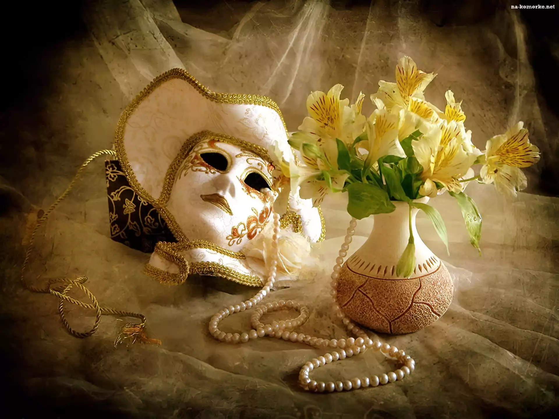 Bukiet kwiatów, Kapelusz, Wazon, Maska, Korale na Komórkę
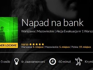 4 pokoje aktualnie działające (wysokie rankingi) + 1 pokój będzie otwarty w najbliższym miesiącu (Hit! -Harry Potter) + 2 pokoje do utworzenia (gotowa przestrzeń, część wyposażenia).
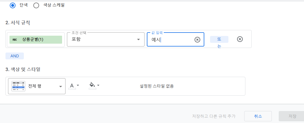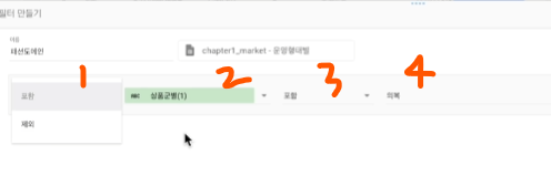 1: 이 필터를 만족하는 행을 보여줄 것인지, 숨길 것인지

EXERCISE REQUIREMENTS: Repeat, exactly and in full, all the material above except its pictures.

EXPECTED ANSWER:
 Bukiet kwiatów, Kapelusz, Wazon, Maska, Korale na Komórkę
 4 pokoje aktualnie działające (wysokie rankingi) + 1 pokój będzie otwarty w najbliższym miesiącu (Hit! -Harry Potter) + 2 pokoje do utworzenia (gotowa przestrzeń, część wyposażenia).
 1: 이 필터를 만족하는 행을 보여줄 것인지, 숨길 것인지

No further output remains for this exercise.